Provide again, from the entries below, every line from the one containing "Im modernen Badezimmer" through the one containing "Das Hemd hat", exactly as written, and no other line.
*** Opening of Data provided ***
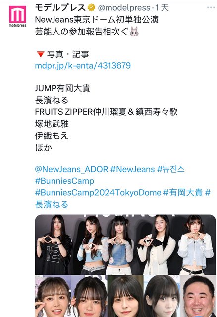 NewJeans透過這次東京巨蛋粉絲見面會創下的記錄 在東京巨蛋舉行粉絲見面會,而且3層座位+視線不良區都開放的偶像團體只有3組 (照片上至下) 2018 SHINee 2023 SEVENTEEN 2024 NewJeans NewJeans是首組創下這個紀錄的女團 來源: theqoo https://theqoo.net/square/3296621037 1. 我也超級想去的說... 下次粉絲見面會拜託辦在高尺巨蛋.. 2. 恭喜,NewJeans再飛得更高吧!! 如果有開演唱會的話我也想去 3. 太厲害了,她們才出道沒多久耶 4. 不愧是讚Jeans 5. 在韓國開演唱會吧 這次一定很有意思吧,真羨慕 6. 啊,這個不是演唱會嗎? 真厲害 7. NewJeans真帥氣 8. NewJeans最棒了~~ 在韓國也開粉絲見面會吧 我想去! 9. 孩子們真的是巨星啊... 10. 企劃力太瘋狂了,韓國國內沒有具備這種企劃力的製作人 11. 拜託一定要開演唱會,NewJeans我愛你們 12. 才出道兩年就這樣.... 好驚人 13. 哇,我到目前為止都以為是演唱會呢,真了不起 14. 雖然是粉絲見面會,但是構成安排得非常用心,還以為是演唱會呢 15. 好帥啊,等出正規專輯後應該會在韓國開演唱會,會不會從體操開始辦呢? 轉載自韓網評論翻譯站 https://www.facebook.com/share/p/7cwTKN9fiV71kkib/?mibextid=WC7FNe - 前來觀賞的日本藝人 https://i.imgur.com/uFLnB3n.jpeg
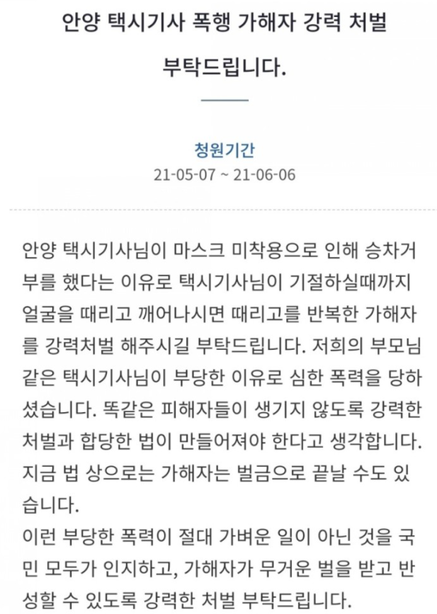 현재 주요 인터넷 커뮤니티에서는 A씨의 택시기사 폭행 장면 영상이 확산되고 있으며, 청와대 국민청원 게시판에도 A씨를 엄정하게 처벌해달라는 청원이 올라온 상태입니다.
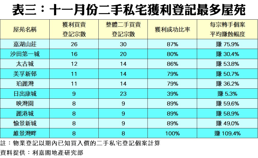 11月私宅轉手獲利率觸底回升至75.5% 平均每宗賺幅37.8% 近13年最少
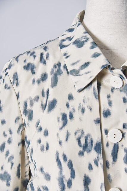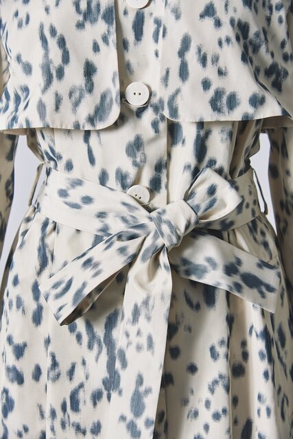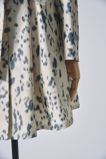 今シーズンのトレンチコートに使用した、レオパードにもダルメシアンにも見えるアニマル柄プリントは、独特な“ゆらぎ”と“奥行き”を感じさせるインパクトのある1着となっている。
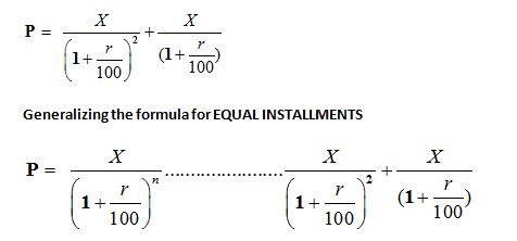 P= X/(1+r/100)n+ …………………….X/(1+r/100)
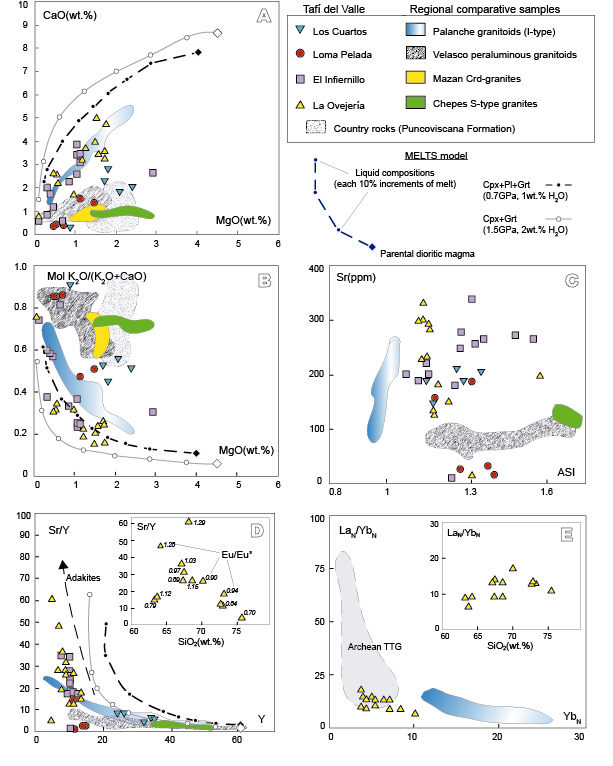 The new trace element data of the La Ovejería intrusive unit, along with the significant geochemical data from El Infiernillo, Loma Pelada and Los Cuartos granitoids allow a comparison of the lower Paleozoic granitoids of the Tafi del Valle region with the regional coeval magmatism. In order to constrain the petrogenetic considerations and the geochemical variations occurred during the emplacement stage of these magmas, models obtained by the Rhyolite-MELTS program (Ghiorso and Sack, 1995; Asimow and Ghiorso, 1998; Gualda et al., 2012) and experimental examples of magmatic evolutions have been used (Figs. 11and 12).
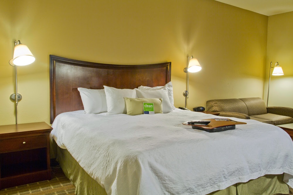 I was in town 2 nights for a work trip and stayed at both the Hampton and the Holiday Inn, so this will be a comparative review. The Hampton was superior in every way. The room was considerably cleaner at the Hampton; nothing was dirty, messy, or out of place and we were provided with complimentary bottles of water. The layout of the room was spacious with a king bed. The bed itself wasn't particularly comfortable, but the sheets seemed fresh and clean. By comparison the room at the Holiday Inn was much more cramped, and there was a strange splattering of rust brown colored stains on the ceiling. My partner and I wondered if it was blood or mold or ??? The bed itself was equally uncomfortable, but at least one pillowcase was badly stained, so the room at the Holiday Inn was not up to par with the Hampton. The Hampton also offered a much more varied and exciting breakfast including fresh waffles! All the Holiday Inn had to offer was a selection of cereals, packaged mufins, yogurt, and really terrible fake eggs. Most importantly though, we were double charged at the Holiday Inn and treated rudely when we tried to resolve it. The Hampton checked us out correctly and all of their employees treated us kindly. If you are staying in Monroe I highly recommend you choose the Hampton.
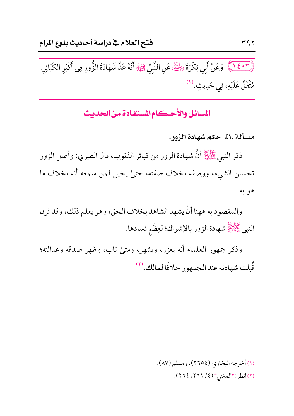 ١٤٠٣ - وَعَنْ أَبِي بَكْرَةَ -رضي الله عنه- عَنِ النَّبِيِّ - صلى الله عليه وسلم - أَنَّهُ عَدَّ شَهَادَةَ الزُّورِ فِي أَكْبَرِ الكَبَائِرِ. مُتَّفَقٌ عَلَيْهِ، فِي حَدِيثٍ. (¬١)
*** Close of Data provided ***
*** Opening of Data provided ***
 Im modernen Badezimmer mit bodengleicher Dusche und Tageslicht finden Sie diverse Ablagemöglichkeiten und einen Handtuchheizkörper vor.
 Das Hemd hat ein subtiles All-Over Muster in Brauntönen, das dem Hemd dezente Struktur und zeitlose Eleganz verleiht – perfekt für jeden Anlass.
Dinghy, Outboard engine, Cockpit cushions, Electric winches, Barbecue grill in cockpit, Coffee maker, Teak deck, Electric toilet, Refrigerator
*** Close of Data provided ***
■ **Your solution**:
 Im modernen Badezimmer mit bodengleicher Dusche und Tageslicht finden Sie diverse Ablagemöglichkeiten und einen Handtuchheizkörper vor.
 Das Hemd hat ein subtiles All-Over Muster in Brauntönen, das dem Hemd dezente Struktur und zeitlose Eleganz verleiht – perfekt für jeden Anlass.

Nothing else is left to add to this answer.